= Quintus Laberius Durus =

1st-century Roman military tribune

Quintus Laberius Durus (died August 54 BC) was a Roman military tribune who died during Julius Caesar's second expedition to Britain. Caesar describes how soon after landing in Kent, the Romans were attacked whilst building a camp by the native Britons. Before reinforcements could arrive, Laberius was killed. His burial site is traditionally the earthworks of Julliberrie's Grave near Chilham (which is in fact a Neolithic long barrow).

Orosius, in his Seven Books of History Against the Pagans, calls him Labienus, confusing him with Caesar's legate Titus Labienus, who lived to fight against Caesar in the Civil War. The error was perpetuated by Bede and Geoffrey of Monmouth, both of whom refer to a tribune called Labienus being killed in Britain. The latter says he was killed by Nennius.

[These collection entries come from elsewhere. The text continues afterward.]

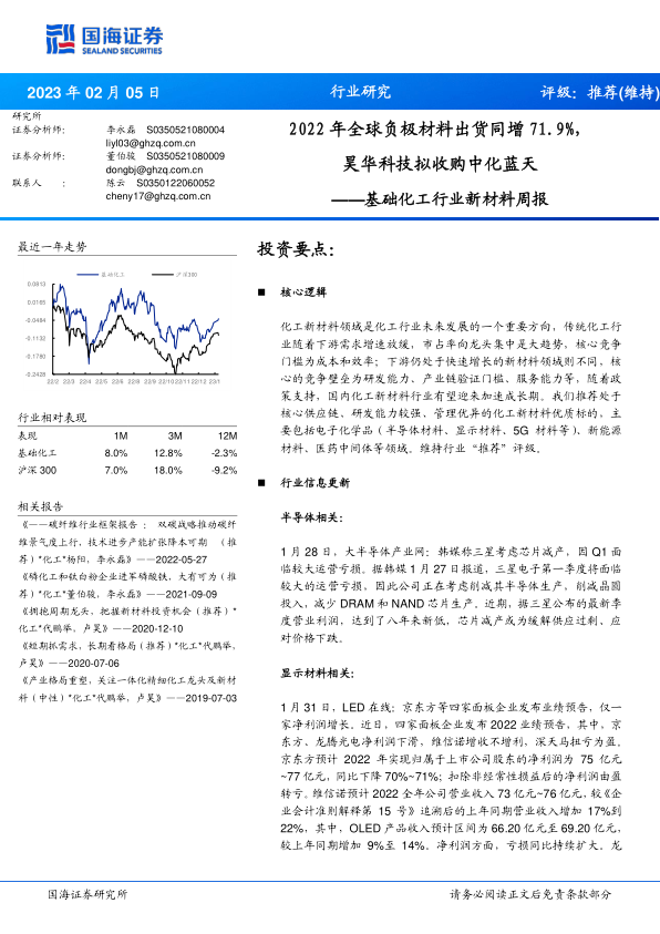 基础化工行业新材料周报:2022年全球负极材料出货同增71.9%,昊华科技拟收购中化蓝天
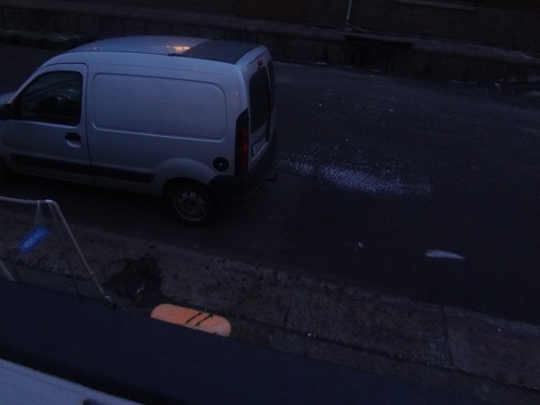 En bild på bilen tagen från däck ombord. Vi har flyttat upp till andra våningen och det skulle kunna krävas stege om vi inte var så flinka och tog hjälp av vår pollare, stormskydd och spygatt för att ta och upp och ner.
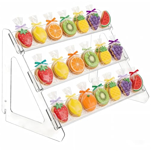 3-Tier Cookie Display Stand for Vendors,Cookie Stand for Market Booths, Craft Fairs & Events,Clear Acrylic Tiered Cookie Display for Muffins & Pastries

Despite his status as a footnote in history, a long modern poem by American poet Gabriel Gudding is dedicated to Laberius ("For Quintus Laberius Durus, Who, Because of a Javelin in His Lungs, Died Near Kent, in Early August, 54 B.C") and appears in his book, A Defense of Poetry (the University of Pittsburgh Press, 2002). A historical novel, Caesar (Harper, 1999), by Australian writer Colleen McCullough, also involves him.